News this month that Volvo intends to make its entire range of cars electric from 2019 may have come as a bit of a shock.

It feels like we’ve spent so long talking about fossil fuel alternatives in the context of something that will happen in the future, to suddenly have one of the world’s biggest car manufacturers announce “hey, it’s here!” makes it feel slightly surprising.

However, although the car industry is looking like it will begin the next decade with electric as its first choice, how the aviation industry evolves will be quite different.

We are seeing huge changes across commercial aviation; and the move away from fossil fuels is just one of many challenges we face.
Terrorism, cybersecurity and Artificial Intelligence, and how we respond to them, are some of the big issues we must grapple with this century.

But the environment is one big conversation that will not go away, no matter how hard some may wish it to. So, what is the likely solution?

One of the big points recently made by John Pitts, MD of eJet International, is that unlike the car industry the nature of aviation, and the lengthy lead times in the manufacturing process means that any alternative to fossil fuels – such as renewables – will need to be delivered ready to ‘drop-in’ alongside existing jet fuels.

It simply isn’t possible to produce a commercially viable fuel alternative that requires any changes to the engine as there will not be a market for it.

Having said that we are seeing some significant moves towards renewables.

In 2016 the first commercial flight using sustainable fuel was completed by Alaska Airlines. This fuel was derived from ‘forest residuals’.
Airbus is currently working alongside the Technical University of Munich to develop bio-jet fuel from algae.

With the EU Emissions Trading Scheme (ETS), Europe is leading the way on renewables.

Globally, we have just seen the International Civil Aviation Organisation (ICAO) sign up to a worldwide scheme that will require all aircraft operators to offset CO2 emissions.

CORSIA, The Carbon Offsetting Scheme for International Aviation, will be mandatory from 2027. Across the US however, over 60 States have already decided to get ahead of the game, adopting the scheme on a voluntary basis.

So, what about the sustainability of the supply chain?

As part of the SC21 Programme we are part of a drive to implement continuous business improvements across the aerospace and defence sectors.

It is becoming widely recognised that to meet ambitious sustainable growth goals of aviation will require systemic thinking throughout the industry.

Some of the core discussions that are taking place as we speak, include key issues such as hazardous substance elimination, greenhouse gas reporting and reduction and supply chain sustainability.

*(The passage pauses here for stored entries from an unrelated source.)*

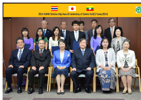
2014年度IUHW奨学生 奨学金授与式 (2014.6)
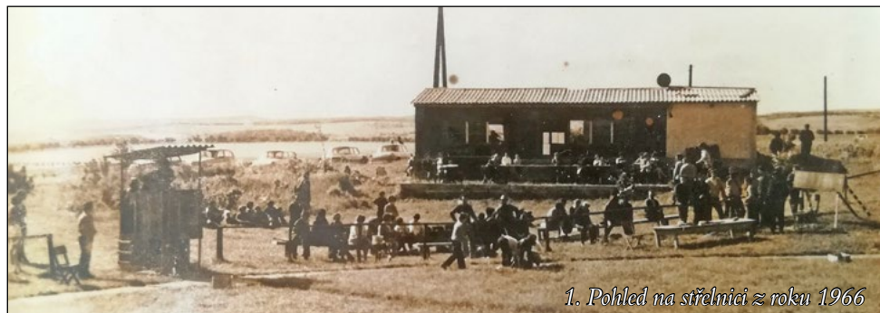
1. Pohled na střelnici z roku 1966

Za Myslivecké sdružení Holubice – Velešovice Oldřich Hrstka.
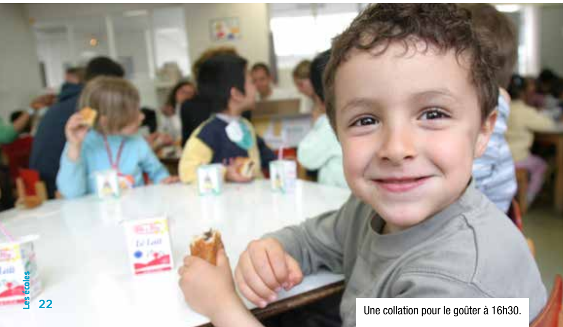
Une collation pour le goûter à 16h30.

Dès la fin de l'année scolaire et jusqu'à la rentrée des classes, les centres de loisirs d'été répartis dans tout Paris accueillent à la journée les enfants parisiens. Une occasion pour eux de profiter d'une multitude d'activités (sorties, espaces Nature, dans le Bois de Vincennes...)
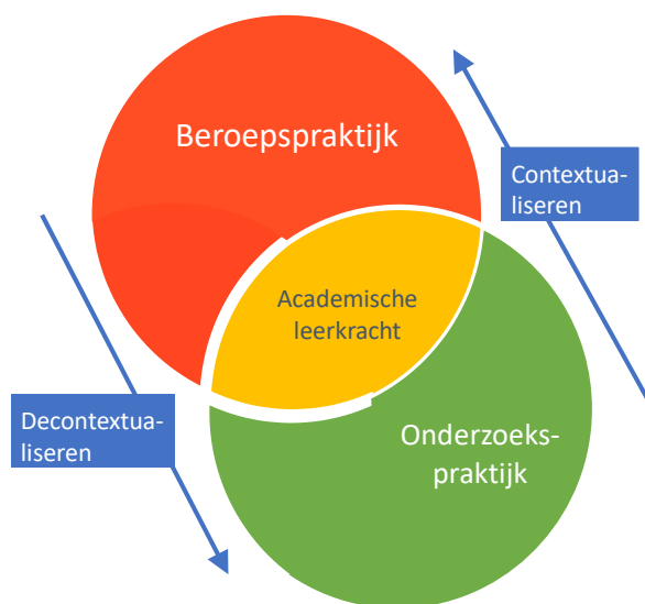
Figuur 1. Overbruggen van onderzoek naar beroepspraktijk en andersom

Academisch geschoolde leerkrachten worden opgeleid om een vertaling van onderzoek naar de lespraktijk te maken (zie gele gebied in Figuur 1).
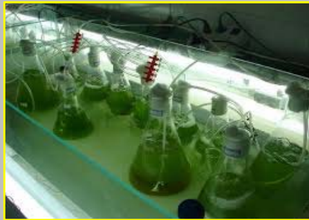
۵- کشت ریز جلبک ها در حجم ۵۰۰ سی سی
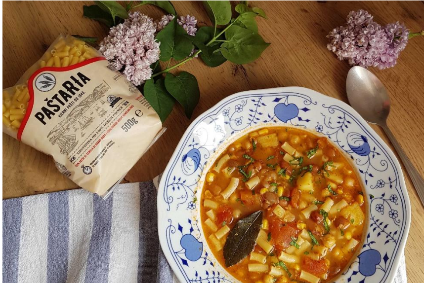
Slika 6 Istarska maneštra
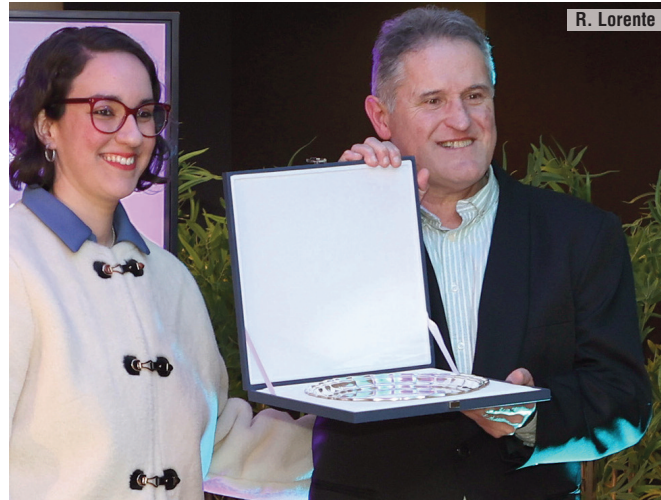
En una entrega de premios del Jockey Club Español.

Yo creo que los de antes. Hace 30-40 años había muchísimos caballos que estarían corriendo y ganando Listed y Grupo. Profesionalmente, puede ser que hubiera más talento y ahora, más que talento, hay más gente preparada porque han podido formarse más y trabajar en diferentes sitios. Antes era algo que te salía más natural, eras bueno porque era lo tuyo. Llegaba gente al hipódromo, sin muchos conocimientos y sin mucha cultura, se dedicaban a su oficio y tenían o no ese talento.
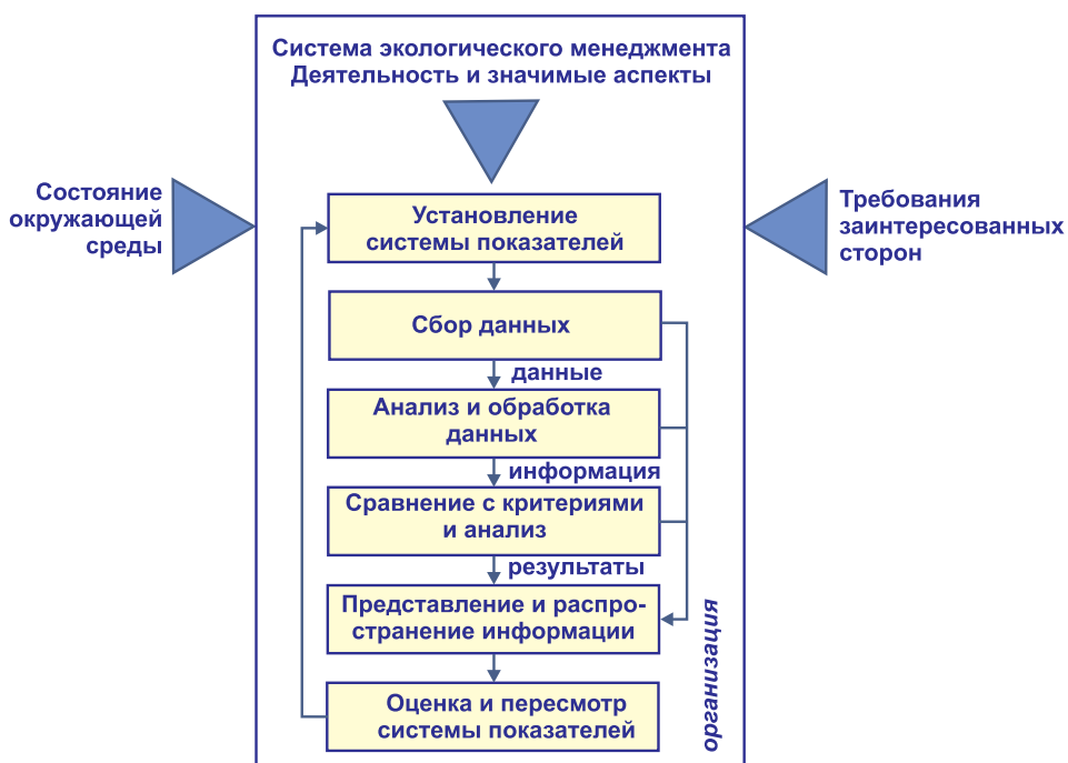
Рис. 1. Оценка экологической результативности (эффективности) предприятия [9]

В системе экологического менеджмента и стандартах ISO серии 14000 прописано, что для выделения значимых экологических аспектов организация должна разработать прозрачные критерии значимости экологических аспектов , которые включают помимо требований выполнения законодательства и нормативных актов информацию о состоянии окружающей среды, существующие данные организации о входных потоках вещества и энергии, сбросах, выбросах и отходах в терминах риска, мнения заинтересованных сторон, природоохранную деятельность организации и др. (рис. 1) [9]. При этом должна быть учтена не только основная, но и вспомогательная деятельность [3, 5, 9].
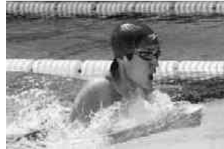
ゴールめざし必死の泳ぎ

第54回福島県中学校体育大会県南中学校水泳競技大会が、6月22日にスインピア矢祭室内プールを会場に開催されました。この大会には、東白川・西白河・石川郡内16の中学校から103名の選手と競技役員が参加し、8種目30競技に熱戦が繰り広げられました。本来であれば屋外公認50mプールで行う予定でしたが、福島第一原発事故による放射線の影響を心配し室内プールでの開催となりました。
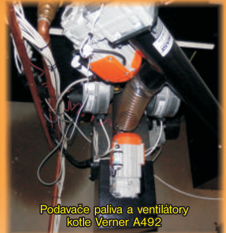
Podavače paliva a ventilátory kotle Verner A492
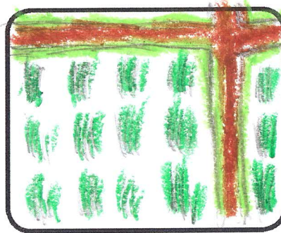
ทำหลุมเป็นแนวทั่ว ตัวเกิดเป็น ต้นกล้าก่อน

Initiatives like IAEG aim to bring supply chain stakeholders together across the industry to find ways to respond to the challenges faced by ever expanding demand.

The aim is to unite the aerospace industry as we work towards a sustainable future. This takes hard work and time, but we recognise that sustainable supply chains have the potential to be just as good for business and they are for the environment.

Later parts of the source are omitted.